Satan agrees to give Cabal’s soul back if he can get a hundred people to sign over their souls within a year – aided only by a demonic carnival and some satanic funding.
And so the fun begins.
And it is fun. How could it not be, with lines like this?
Congas of hopeful applicants [to Hell] wound around the gatehouse like a line drawn by somebody to find out how much writing you could get out of a box of ballpoints.
What really works about the book, though, is that Howard manages the rare trick of balancing parodic humour with real emotional depth: the humour is character-based, not gag-based, and so it evokes empathy as well as laughter. It’s the same trick that Terry Pratchett pulls off in his Discworld novels (though, to be clear, I think those are denser and cleverer than Howard’s work); it’s a trick that I think comedic fantasy writers like Tom Holt and Robert Rankin miss.

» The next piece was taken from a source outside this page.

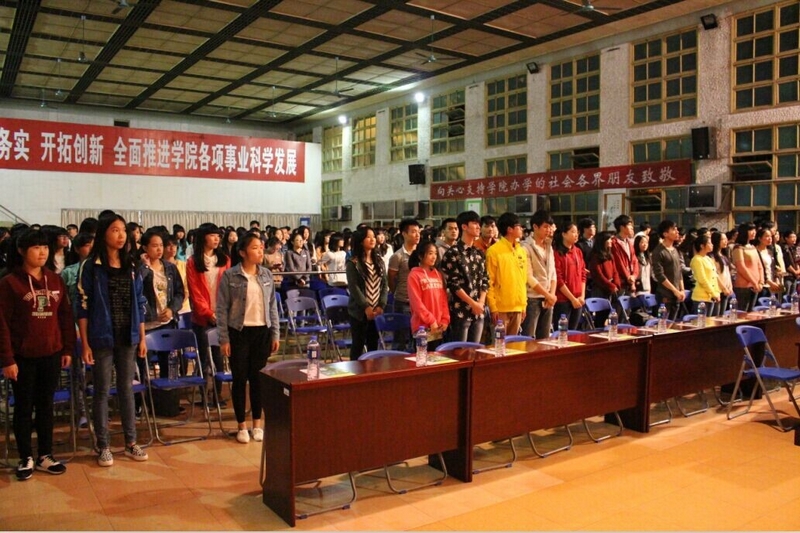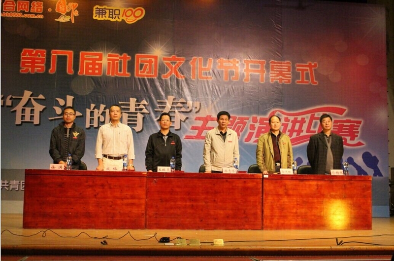 本网讯 2014年11月10日晚7时,学院第八届社团文化节开幕式暨“奋斗的青春”主题演讲比赛在天麟校区礼堂举行。学院党委书记徐志荣、副院长王振亮、院长助理郭先根、人文社科系主任成榕、人文社科系党总支副书记俞雄辉、学生处副处长徐洪参加了开幕式。会议由团委副书记李霞主持。

So the novel’s underpinned by a kind of emotional ambiguity: we can’t quite pin down what Cabal is like as a person, whether we should root for him. On the one hand: he left his brother Horst to rot in a mausoleum for eight years; he sold his soul to the devil that one time; he’s very bloody nasty to the servants he conjures up to serve his carnival. On the other hand, there are some lovely episodes throughout the book that demonstrate his ability for empathy: a ghost in a railway station who doesn’t realise he’s dead yet; an impassioned speech about the unfairness of death. As well as providing something like a narrative arc to bring together what is a very episodic narrative (tonally as well as structurally), this ambiguity is an age-old feature of the Faust narrative, rendering its central character both hubristic and tragic in his hubris. It’s also not something comedy necessarily does very often, allowing its characters space to be more than one thing at once.
There are things that annoyed me about Johannes Cabal the Necromancer: its slow start promises tedium the novel thankfully doesn’t actually deliver. And it renders the dialect of some of its minor characters phonetically, which is quite possibly the most annoying (not to say patronising) stylistic choice it is possible to make as a writer.
In other words: it’s not high literature. But it’s pretty good.